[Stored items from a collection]
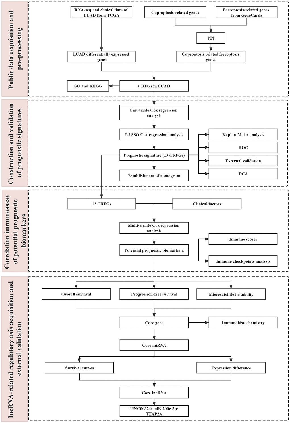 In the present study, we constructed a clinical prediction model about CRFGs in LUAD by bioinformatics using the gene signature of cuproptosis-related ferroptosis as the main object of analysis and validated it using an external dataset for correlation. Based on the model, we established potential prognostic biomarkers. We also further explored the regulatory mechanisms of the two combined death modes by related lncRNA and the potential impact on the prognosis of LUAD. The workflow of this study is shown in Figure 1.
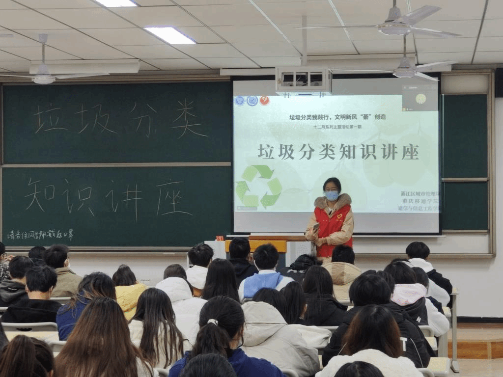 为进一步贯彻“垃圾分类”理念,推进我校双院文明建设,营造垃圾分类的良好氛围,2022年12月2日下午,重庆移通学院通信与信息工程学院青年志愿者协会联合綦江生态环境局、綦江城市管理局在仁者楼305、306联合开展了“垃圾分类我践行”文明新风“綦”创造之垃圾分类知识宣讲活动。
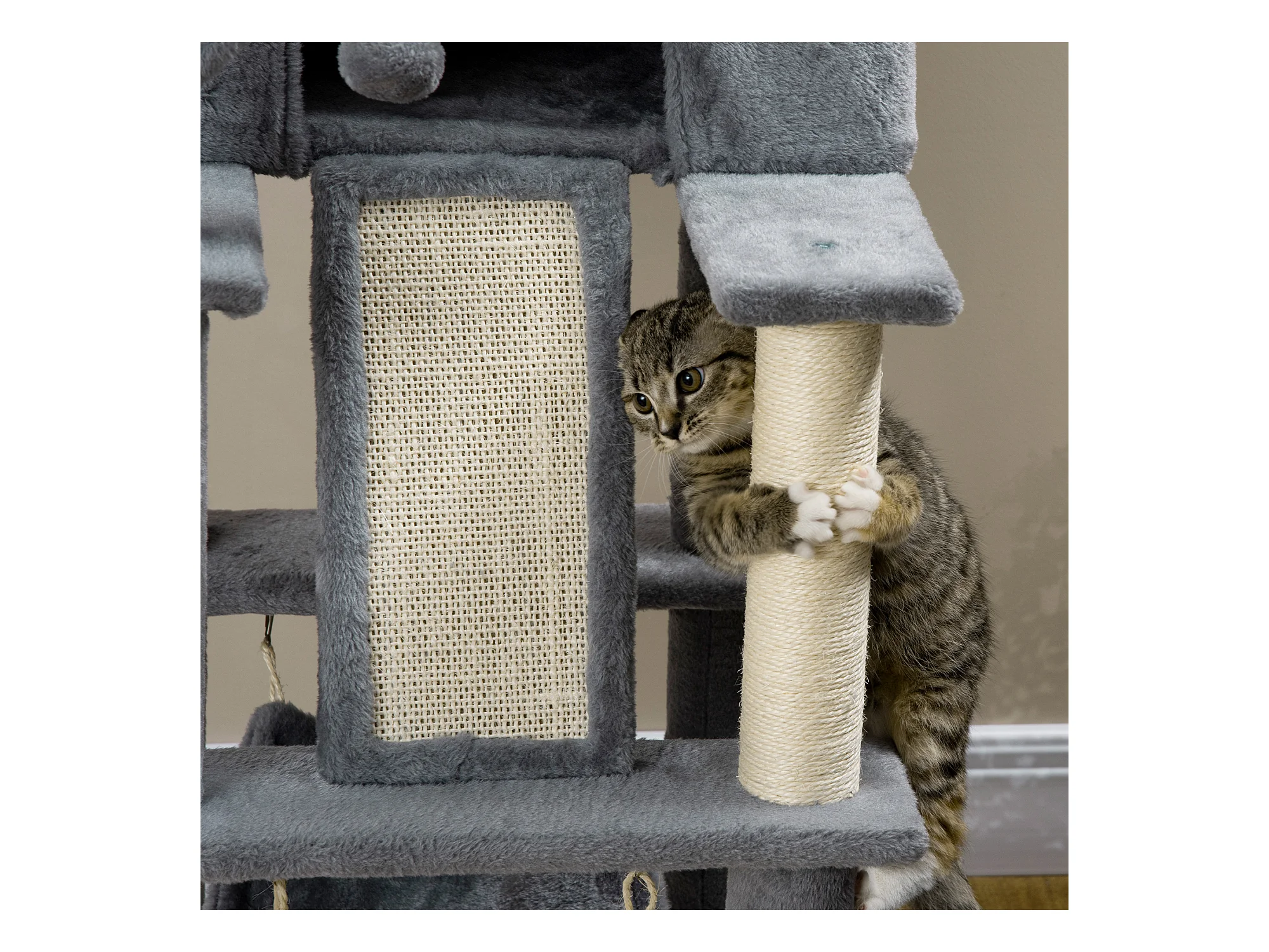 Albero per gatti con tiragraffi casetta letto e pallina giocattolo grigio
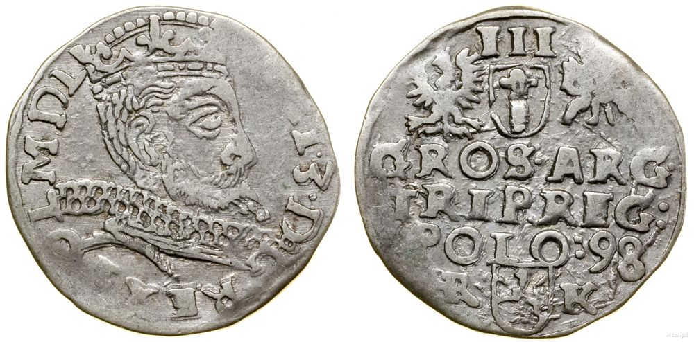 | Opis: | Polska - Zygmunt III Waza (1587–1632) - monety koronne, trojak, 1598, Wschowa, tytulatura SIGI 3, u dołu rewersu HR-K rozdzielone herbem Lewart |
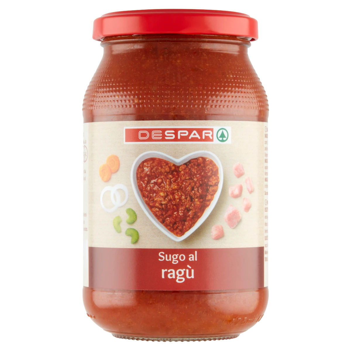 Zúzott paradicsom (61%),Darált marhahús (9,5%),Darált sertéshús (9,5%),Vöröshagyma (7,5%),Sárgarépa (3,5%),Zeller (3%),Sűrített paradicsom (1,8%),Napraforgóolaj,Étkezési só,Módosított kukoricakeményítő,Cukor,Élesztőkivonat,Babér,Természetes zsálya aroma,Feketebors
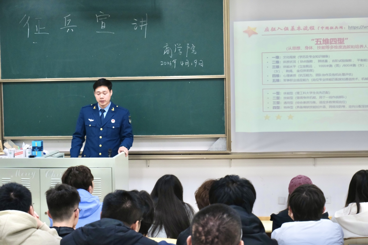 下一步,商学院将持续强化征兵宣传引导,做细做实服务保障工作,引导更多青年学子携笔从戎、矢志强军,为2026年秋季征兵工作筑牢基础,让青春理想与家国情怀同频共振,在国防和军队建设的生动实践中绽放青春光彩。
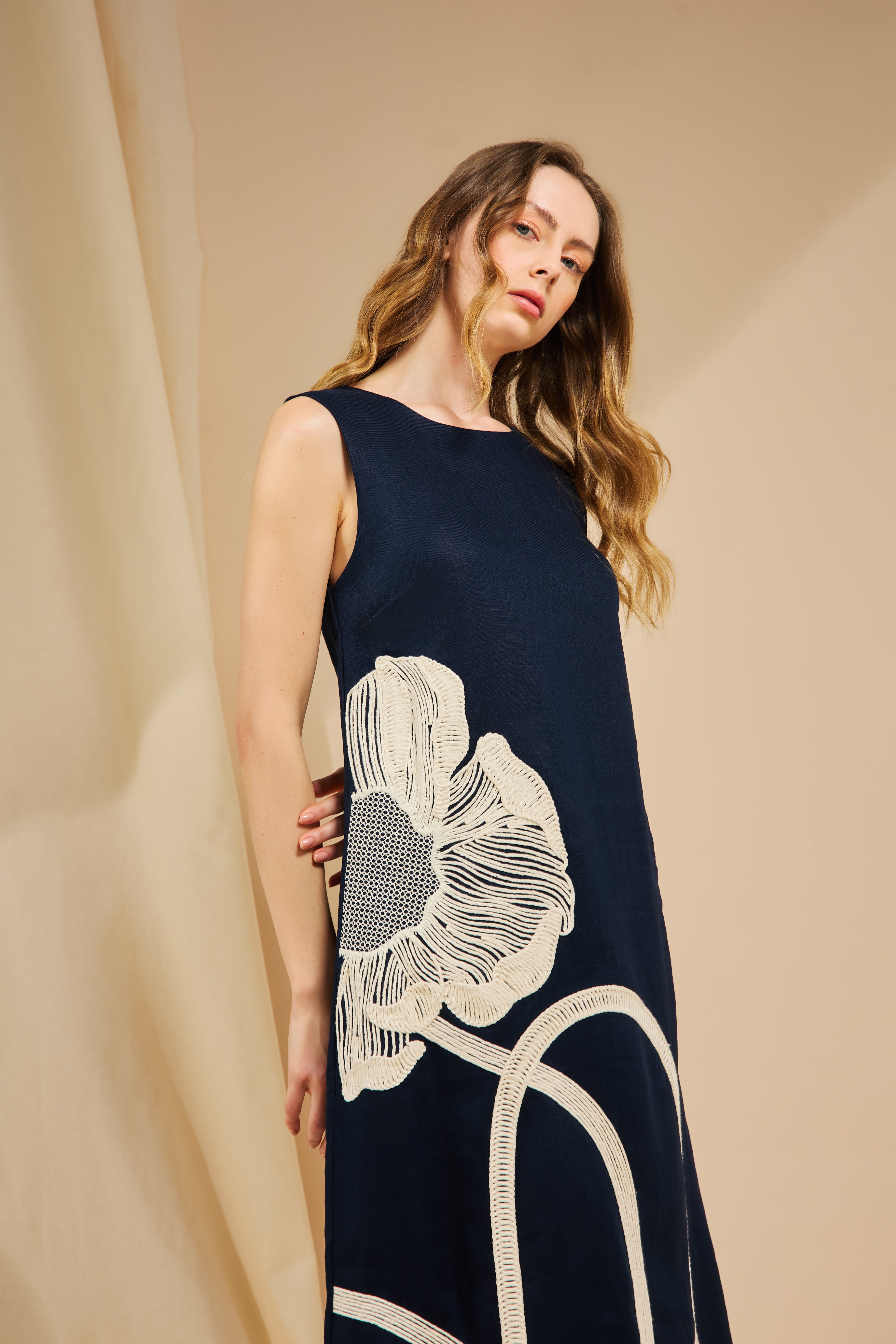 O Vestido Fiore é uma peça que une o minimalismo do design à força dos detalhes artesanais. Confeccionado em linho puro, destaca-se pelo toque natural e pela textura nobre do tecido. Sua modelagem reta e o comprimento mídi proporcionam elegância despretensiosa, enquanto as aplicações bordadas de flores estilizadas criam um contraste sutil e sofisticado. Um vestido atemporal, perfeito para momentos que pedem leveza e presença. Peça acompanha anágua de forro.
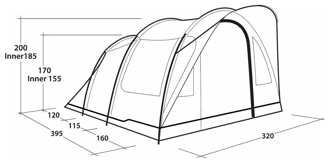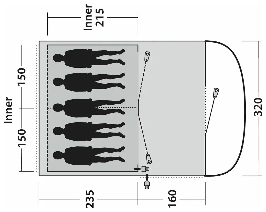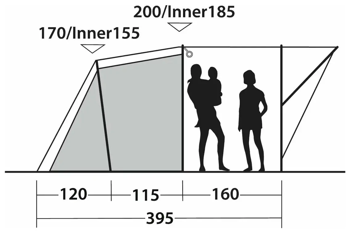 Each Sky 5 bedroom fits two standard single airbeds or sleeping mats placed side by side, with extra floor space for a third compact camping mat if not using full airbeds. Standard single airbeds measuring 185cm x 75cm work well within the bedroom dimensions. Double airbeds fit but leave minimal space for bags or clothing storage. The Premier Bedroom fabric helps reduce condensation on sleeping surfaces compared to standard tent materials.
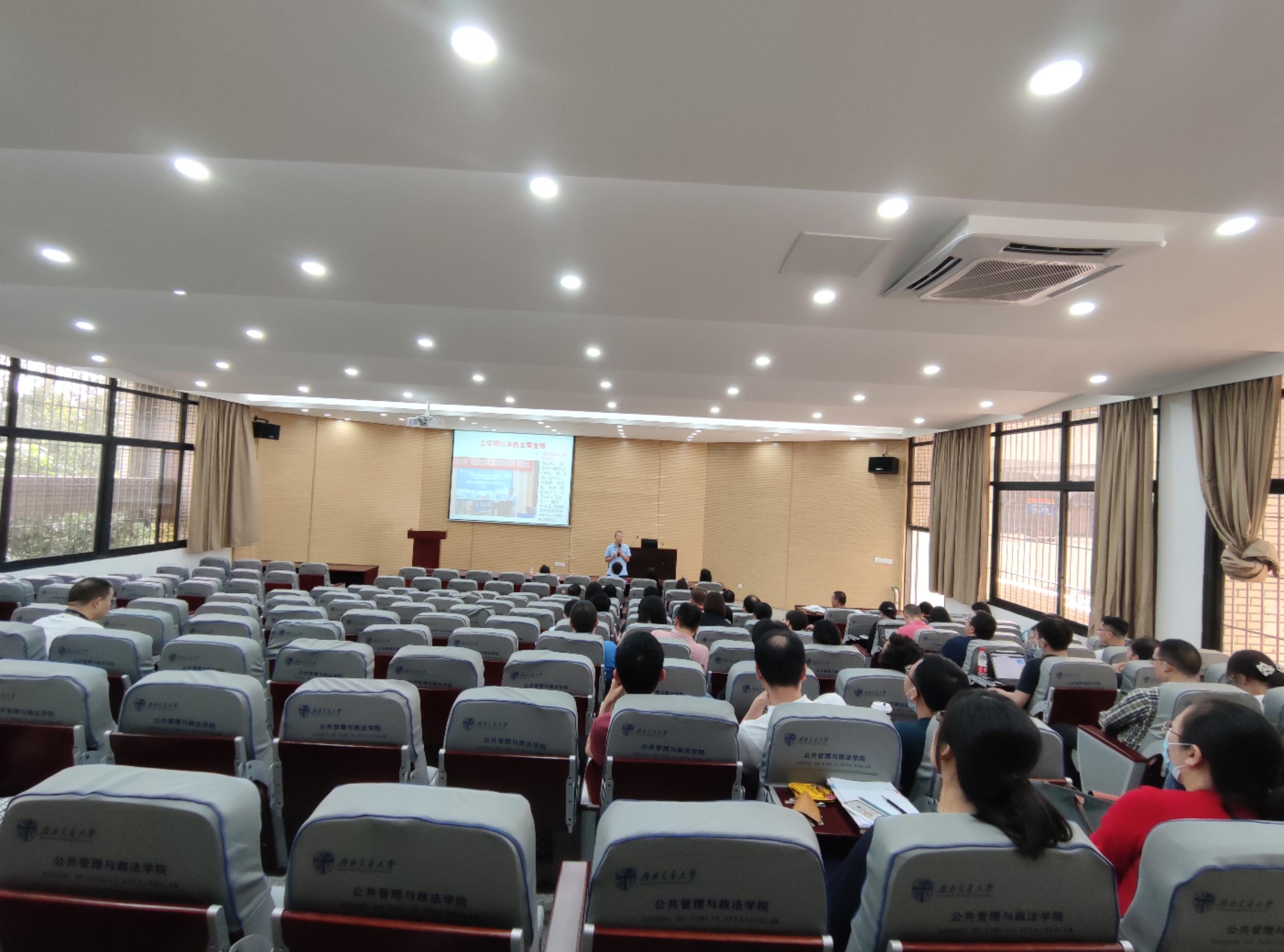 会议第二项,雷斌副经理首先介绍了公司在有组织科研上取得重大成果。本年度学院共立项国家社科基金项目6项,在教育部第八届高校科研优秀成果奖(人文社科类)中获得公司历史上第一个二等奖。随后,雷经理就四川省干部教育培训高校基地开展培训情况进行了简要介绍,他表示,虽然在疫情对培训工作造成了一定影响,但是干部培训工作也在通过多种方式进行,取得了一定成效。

• Exercise requirements: Write out the lines from the line with "herbem Lewart |" through the end of the records exactly; do not include pictures or any other lines.

• Exercise solution:
 | Opis: | Polska - Zygmunt III Waza (1587–1632) - monety koronne, trojak, 1598, Wschowa, tytulatura SIGI 3, u dołu rewersu HR-K rozdzielone herbem Lewart |
 Zúzott paradicsom (61%),Darált marhahús (9,5%),Darált sertéshús (9,5%),Vöröshagyma (7,5%),Sárgarépa (3,5%),Zeller (3%),Sűrített paradicsom (1,8%),Napraforgóolaj,Étkezési só,Módosított kukoricakeményítő,Cukor,Élesztőkivonat,Babér,Természetes zsálya aroma,Feketebors
 下一步,商学院将持续强化征兵宣传引导,做细做实服务保障工作,引导更多青年学子携笔从戎、矢志强军,为2026年秋季征兵工作筑牢基础,让青春理想与家国情怀同频共振,在国防和军队建设的生动实践中绽放青春光彩。
 O Vestido Fiore é uma peça que une o minimalismo do design à força dos detalhes artesanais. Confeccionado em linho puro, destaca-se pelo toque natural e pela textura nobre do tecido. Sua modelagem reta e o comprimento mídi proporcionam elegância despretensiosa, enquanto as aplicações bordadas de flores estilizadas criam um contraste sutil e sofisticado. Um vestido atemporal, perfeito para momentos que pedem leveza e presença. Peça acompanha anágua de forro.
 Each Sky 5 bedroom fits two standard single airbeds or sleeping mats placed side by side, with extra floor space for a third compact camping mat if not using full airbeds. Standard single airbeds measuring 185cm x 75cm work well within the bedroom dimensions. Double airbeds fit but leave minimal space for bags or clothing storage. The Premier Bedroom fabric helps reduce condensation on sleeping surfaces compared to standard tent materials.
 会议第二项,雷斌副经理首先介绍了公司在有组织科研上取得重大成果。本年度学院共立项国家社科基金项目6项,在教育部第八届高校科研优秀成果奖(人文社科类)中获得公司历史上第一个二等奖。随后,雷经理就四川省干部教育培训高校基地开展培训情况进行了简要介绍,他表示,虽然在疫情对培训工作造成了一定影响,但是干部培训工作也在通过多种方式进行,取得了一定成效。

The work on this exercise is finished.